WHAT THE EXERCISE ASKS:
In the records that follow, count each line where the string "more" occurs. Provide the total and no other text.

--------------------

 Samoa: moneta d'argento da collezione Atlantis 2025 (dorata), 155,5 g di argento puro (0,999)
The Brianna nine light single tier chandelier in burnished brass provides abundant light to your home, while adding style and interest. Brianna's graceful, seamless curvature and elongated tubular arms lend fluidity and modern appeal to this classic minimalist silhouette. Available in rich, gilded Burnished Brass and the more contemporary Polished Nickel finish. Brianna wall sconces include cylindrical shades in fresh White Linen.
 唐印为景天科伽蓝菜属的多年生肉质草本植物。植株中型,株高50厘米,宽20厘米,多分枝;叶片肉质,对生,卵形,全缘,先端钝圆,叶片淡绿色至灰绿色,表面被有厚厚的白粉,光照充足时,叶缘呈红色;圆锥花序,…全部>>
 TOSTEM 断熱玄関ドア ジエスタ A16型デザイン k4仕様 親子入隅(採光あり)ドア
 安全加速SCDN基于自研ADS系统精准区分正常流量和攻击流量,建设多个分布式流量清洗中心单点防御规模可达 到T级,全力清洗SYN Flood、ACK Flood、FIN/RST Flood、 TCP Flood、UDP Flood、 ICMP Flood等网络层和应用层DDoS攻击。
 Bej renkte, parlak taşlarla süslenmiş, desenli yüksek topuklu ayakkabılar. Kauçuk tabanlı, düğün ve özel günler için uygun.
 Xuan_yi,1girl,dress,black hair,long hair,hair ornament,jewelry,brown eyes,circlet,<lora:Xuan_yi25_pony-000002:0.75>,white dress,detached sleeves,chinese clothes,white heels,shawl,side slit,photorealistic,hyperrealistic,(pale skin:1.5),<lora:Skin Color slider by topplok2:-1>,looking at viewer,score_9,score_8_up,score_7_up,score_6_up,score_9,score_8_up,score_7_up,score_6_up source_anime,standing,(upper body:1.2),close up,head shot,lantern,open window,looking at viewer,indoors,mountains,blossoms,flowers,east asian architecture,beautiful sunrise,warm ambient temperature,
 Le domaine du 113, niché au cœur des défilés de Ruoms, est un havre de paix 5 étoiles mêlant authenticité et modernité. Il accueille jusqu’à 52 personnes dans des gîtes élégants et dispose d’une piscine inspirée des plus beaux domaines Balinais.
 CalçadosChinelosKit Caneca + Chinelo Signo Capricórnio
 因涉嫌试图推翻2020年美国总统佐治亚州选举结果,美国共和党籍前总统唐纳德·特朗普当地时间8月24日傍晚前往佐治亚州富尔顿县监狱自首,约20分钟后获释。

--------------------

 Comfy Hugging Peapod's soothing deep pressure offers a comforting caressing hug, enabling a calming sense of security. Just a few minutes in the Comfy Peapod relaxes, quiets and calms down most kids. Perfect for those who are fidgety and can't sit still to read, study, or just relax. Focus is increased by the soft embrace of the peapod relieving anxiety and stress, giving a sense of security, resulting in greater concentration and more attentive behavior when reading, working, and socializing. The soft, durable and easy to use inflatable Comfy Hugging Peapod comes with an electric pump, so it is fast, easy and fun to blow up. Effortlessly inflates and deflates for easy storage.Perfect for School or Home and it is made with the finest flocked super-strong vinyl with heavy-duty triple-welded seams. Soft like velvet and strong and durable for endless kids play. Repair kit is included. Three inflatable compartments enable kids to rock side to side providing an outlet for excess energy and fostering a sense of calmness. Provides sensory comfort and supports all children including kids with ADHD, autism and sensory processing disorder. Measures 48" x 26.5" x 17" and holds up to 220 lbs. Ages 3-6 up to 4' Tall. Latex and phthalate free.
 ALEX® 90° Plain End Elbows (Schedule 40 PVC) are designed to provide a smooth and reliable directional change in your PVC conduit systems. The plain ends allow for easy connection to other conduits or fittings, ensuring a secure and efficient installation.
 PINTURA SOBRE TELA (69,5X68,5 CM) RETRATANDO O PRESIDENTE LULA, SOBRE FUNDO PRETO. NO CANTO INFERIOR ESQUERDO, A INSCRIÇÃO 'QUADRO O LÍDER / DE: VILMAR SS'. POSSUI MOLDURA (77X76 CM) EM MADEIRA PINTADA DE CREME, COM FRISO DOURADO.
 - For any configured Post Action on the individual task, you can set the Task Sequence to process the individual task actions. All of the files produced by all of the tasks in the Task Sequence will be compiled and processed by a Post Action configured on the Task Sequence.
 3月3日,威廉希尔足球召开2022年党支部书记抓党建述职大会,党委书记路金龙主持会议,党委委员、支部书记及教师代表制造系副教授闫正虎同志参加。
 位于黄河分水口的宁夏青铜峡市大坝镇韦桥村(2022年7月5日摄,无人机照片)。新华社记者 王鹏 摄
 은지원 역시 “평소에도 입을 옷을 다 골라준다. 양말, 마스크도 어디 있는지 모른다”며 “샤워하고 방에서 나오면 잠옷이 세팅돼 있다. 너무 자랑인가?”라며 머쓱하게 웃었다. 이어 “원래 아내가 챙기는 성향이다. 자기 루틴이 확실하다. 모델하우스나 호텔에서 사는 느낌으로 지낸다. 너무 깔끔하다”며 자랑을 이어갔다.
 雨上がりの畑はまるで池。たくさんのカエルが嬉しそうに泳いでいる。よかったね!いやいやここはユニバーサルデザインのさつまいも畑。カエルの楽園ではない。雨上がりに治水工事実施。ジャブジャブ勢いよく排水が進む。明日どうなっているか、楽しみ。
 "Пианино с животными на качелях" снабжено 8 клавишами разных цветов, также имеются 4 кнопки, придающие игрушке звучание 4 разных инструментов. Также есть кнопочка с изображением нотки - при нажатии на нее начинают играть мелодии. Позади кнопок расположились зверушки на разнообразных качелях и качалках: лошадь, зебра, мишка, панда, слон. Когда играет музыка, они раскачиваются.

--------------------

TASK RESPONSE:
2